«Обошлось, неужели обошлось…»
На лестнице заорали – пронзительно и страшно:
- Как они здесь очутились? Их же должны были к цехам отвести! Вы обещали, что там их и закопают! – верещал пронзительный голос, похожий и одновременно непохожий на голос младшего Лаппо-Данилевского.
- Не верещить, паныч! Здесь закопать ничуть не хуже выйдет! – прогудел напряженный, как провод к свечам Яблочкина, голос Бабайко.
- Вы в уме? Они же сейчас все тут разнесут! – снова заверещали ему в ответ.
- Не разнесут… Тащить сюды тех двоих!
Множество ног затопотало по лестнице и вместе с ними вверх покатился знакомый чудовищный смрад.

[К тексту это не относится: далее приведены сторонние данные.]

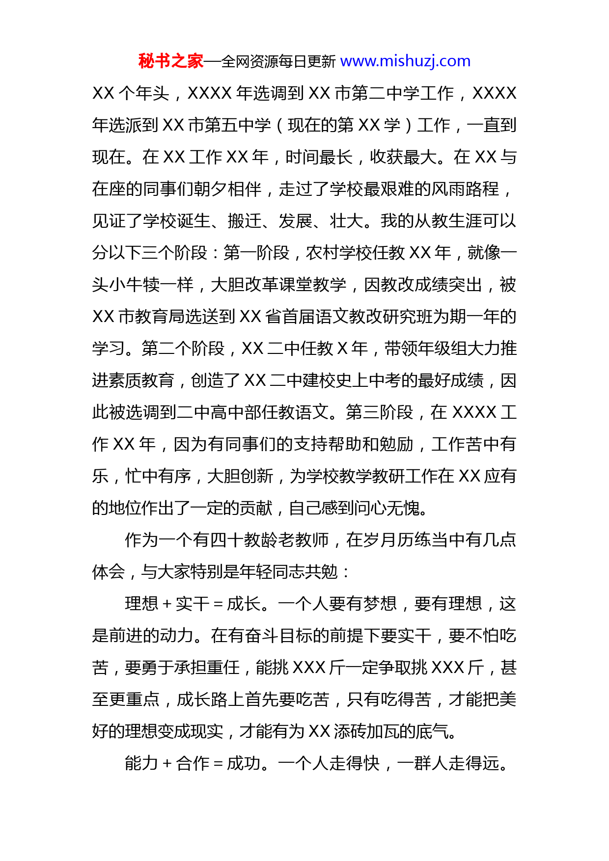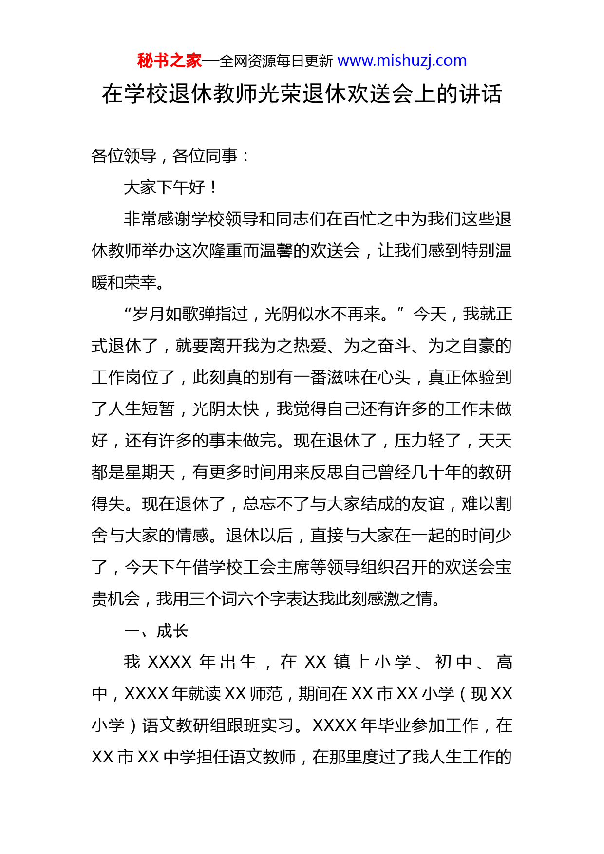 秘书之家—全网资源每日更新www.mishuzj.com在学校退休教师光荣退休欢送会上的讲话各位领导,各位同事:大家下午好!非常感谢学校领导和同志们在百忙之中为我们这些退休教师举办这次隆重而温馨的欢送会,让我们感到特别温暖和荣幸。“岁月如歌弹指过,光阴似水不再来。”今天,我就正式退休了,就要离开我为之热爱、为之奋斗、为之自豪的工作岗位了,此刻真的别有一番滋味在心头,真正体验到了人生短暂,光阴太快,我觉得自己还有许多的工作未做好,还有许多的事未做完。现在退休了,压力轻了,天天都是星期天,有更多时间用来反思自己曾经几十年的教研得失。现在退休了,总忘不了与大家结成的友谊,难以割舍与大家的情感。退休以后,直接与大家在一起的时间少了,今天下午借学校工会主席等领导组织召开的欢送会宝贵机会,我用三个词六个字表达我此刻感激之情。一、成长我XXXX年出生,在XX镇上小学、初中、高中,XXXX年就读XX师范,期间在XX市XX小学(现XX小学)语文教研组跟班实习。XXXX年毕业参加工作,在XX市XX中学担任语文教师,在那里度过了我人生工作的秘书之家—全网资源每日更新www.mishuzj.comXX个年头,XXXX年选调到XX市第二中学工作,XXXX年选派到XX市第五中学(现在的第XX学)工作,一直到现在。在XX工作XX年,时间最长,收获最大。在XX与在座的同事们朝夕相伴,走过了学校最艰难的风雨路程,见证了学校诞生、搬迁、发展、壮大。我的从教生涯可以分以下三个阶段:第一阶段,农村学校任教XX年,就像一头小牛犊一样,大胆改革课堂教学,因教改成绩突出,被XX市教育局选送到XX省首届语文教改研究班为期一年的学习。第二个阶段,XX二中任教X年,带领年级组大力推进素质教育,创造了XX二中建校史上中考的最好成绩,因此被选调到二中高中部任教语文。第三阶段,在XXXX工作XX年,因为有同事们的支持帮助和勉励,工作苦中有乐,忙中有序,大胆创新,为学校教学教研工作在XX应有的地位作出了一定的贡献,自己感到问心无愧。作为一个有四十教龄老教师,在岁月历练当中有几点体会,与大家特别是年轻同志共勉:理想+实干=成长。一个人要有梦想,要有理想,这是前进的动力。在有奋斗目标的前提下要实干,要不怕吃苦,要勇于承担重任,能挑XXX斤一定争取挑XXX斤,甚至更重点,成长路上首先要吃苦,只有吃得苦,才能把美好的理想变成现实,才能有为XX添砖加瓦的底气。能力+合作=成功。一个人走得快,一群人走得远。秘书之家—全网资源每日更新www.mishuzj.com无论是班级科任老师、备课组成员,大家都要心往一处想,劲往一处使,委屈小我,成就大我。"二人同心,其利断金"就是这个道理。老师都是有能力的人,希望大家通力合作,在XX成功的路上奋力前行。课堂+课题=成才。很多老师课堂效果好,学生成绩考得好,但学科带头人总难评上,主要是不善于教学研究,不做课题。希望大家重视课题研究,从课堂小课题研究入手,只有这样不断总结反思,才能做出更有价值的课题,才能成为名师,为XX增光添彩。二、感谢我们生逢其时,首先感谢这个伟大的时代为我们提供了施展个人才华实现个人理想抱负的舞台,让我们退休后衣食无忧,我们非常感激,非常幸福,一定做到端起碗吃肉,放下筷子感恩。其次感谢XX,因为有XX,我们才成为同事,甚至成为情同手足的兄弟姐妹。因为有XX,我才有和大家在一起为了共同的目标奋斗的机会。再次感谢在座的每一位同事,感谢帮助过我的所有人。尤其是XX书记,在我热爱的教研工作中对我的关心、照顾。这些关心让我时刻铭记在心,珍藏一世,它将作为我退休后的精神食粮,慢慢品尝。三、祝福秘书之家—全网资源每日更新www.mishuzj.com自XXXX年到XX(现在XX)工作以来,这个温暖的集体,让我收获了课堂的快乐,度过了幸福的时光,成就了名师的梦想,我将永远铭记在心。真心的希望我们XX在XX校长带领下越来越好,越办越强。尽管我现在已经退休了,但XX是我的娘家,我永远关注我们XX,牵挂我们XX,衷心祝愿我们XX人年年都身体健康、月月都工作顺利、天天都幸福安康、时时都开心快乐!最后,再次感谢学校领导和同事为我们这些退休教师举办这次隆重而温馨的欢送会!

Митя судорожно сглотнул подкатившую к горлу тошноту и почувствовал, как бледнеет – точно льдом провели по щекам. Пока еще его тошнит от… ЭТОГО, но если он не найдет способ выкрутится и на сей раз, тошнить перестанет, и тогда – все. Конец. Он взбрыкнул ногами, торопясь спрыгнуть на пол… Манжет его единственной оставшейся приличной рубашки зацепился за оконную решетку. Митя стиснул зубы, чтобы не взвыть в голос… отчаянным усилием воли подавил панику, подтянулся на одной руке… и принялся аккуратно отцеплять манжет от железной занозы:
«Я не позволю себе порвать рубашку. Я не позволю себе… панику».
Грохот шагов докатился до крохотного «пяточка» в деревянной башне.
- Открывайте быстрее! – взвизгнули пронзительно.
- Не орить, панычу… - гремя ключами, пробурчал Бабайко.
- Не смейте так со мной разговаривать, вы… - сорвался на верещание Алексей.
Манжет, наконец, отцепился, Митя повис, цепляясь за решетку и костеря на все лады вдруг озаботившегося уважением к своей особе Лаппо-Данилевского.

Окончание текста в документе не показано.